START SOURCE RECORDS
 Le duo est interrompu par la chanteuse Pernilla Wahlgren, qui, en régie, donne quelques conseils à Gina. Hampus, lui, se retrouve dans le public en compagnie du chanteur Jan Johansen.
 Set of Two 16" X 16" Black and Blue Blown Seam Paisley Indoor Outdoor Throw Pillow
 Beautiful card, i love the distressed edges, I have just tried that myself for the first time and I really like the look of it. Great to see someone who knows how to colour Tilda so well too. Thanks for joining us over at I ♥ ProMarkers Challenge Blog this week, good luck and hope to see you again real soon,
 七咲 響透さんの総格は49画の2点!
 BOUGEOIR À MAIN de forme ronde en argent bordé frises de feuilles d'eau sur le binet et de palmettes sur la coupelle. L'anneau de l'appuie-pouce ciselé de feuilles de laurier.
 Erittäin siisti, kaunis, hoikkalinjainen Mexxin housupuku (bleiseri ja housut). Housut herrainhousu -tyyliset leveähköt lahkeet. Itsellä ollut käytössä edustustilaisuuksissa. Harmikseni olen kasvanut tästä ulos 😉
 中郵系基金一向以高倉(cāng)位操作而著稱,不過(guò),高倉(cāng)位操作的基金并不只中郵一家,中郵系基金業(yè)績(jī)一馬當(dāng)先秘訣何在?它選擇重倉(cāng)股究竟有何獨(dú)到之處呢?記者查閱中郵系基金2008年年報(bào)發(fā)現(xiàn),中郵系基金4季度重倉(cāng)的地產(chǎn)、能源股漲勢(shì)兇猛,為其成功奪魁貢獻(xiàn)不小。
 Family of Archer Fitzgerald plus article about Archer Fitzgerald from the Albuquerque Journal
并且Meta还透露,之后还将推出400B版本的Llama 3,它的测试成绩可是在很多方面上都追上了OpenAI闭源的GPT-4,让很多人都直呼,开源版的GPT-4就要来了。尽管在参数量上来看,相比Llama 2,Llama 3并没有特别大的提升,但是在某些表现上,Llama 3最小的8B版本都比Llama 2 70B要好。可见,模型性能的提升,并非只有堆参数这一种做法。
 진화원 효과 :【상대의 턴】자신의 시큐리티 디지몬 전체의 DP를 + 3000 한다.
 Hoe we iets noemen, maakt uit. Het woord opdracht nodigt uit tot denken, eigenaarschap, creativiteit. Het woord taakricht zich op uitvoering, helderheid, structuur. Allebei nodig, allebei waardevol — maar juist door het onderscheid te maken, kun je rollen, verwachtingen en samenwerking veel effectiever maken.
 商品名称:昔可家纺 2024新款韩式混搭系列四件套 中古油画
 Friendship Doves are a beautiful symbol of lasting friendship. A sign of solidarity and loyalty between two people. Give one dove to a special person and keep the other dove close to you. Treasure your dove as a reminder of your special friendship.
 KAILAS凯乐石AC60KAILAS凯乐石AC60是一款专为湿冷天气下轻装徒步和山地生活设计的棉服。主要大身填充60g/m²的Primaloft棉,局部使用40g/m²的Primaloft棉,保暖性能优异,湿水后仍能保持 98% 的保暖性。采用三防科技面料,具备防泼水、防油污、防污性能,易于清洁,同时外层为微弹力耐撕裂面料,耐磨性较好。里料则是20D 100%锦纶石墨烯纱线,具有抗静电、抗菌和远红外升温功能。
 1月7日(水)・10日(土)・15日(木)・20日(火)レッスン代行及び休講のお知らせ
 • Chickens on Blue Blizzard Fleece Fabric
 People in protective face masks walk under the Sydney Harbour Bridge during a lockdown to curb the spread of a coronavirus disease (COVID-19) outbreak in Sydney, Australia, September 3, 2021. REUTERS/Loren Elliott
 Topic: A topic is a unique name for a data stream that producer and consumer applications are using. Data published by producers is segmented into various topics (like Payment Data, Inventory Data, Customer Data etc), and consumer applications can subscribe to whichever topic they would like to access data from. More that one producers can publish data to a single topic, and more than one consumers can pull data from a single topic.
END SOURCE RECORDS
* WORK REQUIRED: Above are the records. Print exactly, and only, the lines from the line with "商品名称:昔可家纺 2024新款韩式混搭系列四件套 中古油画" to the line with "People in protective", both inclusive.

* FINISHED EXERCISE:
 商品名称:昔可家纺 2024新款韩式混搭系列四件套 中古油画
 Friendship Doves are a beautiful symbol of lasting friendship. A sign of solidarity and loyalty between two people. Give one dove to a special person and keep the other dove close to you. Treasure your dove as a reminder of your special friendship.
 KAILAS凯乐石AC60KAILAS凯乐石AC60是一款专为湿冷天气下轻装徒步和山地生活设计的棉服。主要大身填充60g/m²的Primaloft棉,局部使用40g/m²的Primaloft棉,保暖性能优异,湿水后仍能保持 98% 的保暖性。采用三防科技面料,具备防泼水、防油污、防污性能,易于清洁,同时外层为微弹力耐撕裂面料,耐磨性较好。里料则是20D 100%锦纶石墨烯纱线,具有抗静电、抗菌和远红外升温功能。
 1月7日(水)・10日(土)・15日(木)・20日(火)レッスン代行及び休講のお知らせ
 • Chickens on Blue Blizzard Fleece Fabric
 People in protective face masks walk under the Sydney Harbour Bridge during a lockdown to curb the spread of a coronavirus disease (COVID-19) outbreak in Sydney, Australia, September 3, 2021. REUTERS/Loren Elliott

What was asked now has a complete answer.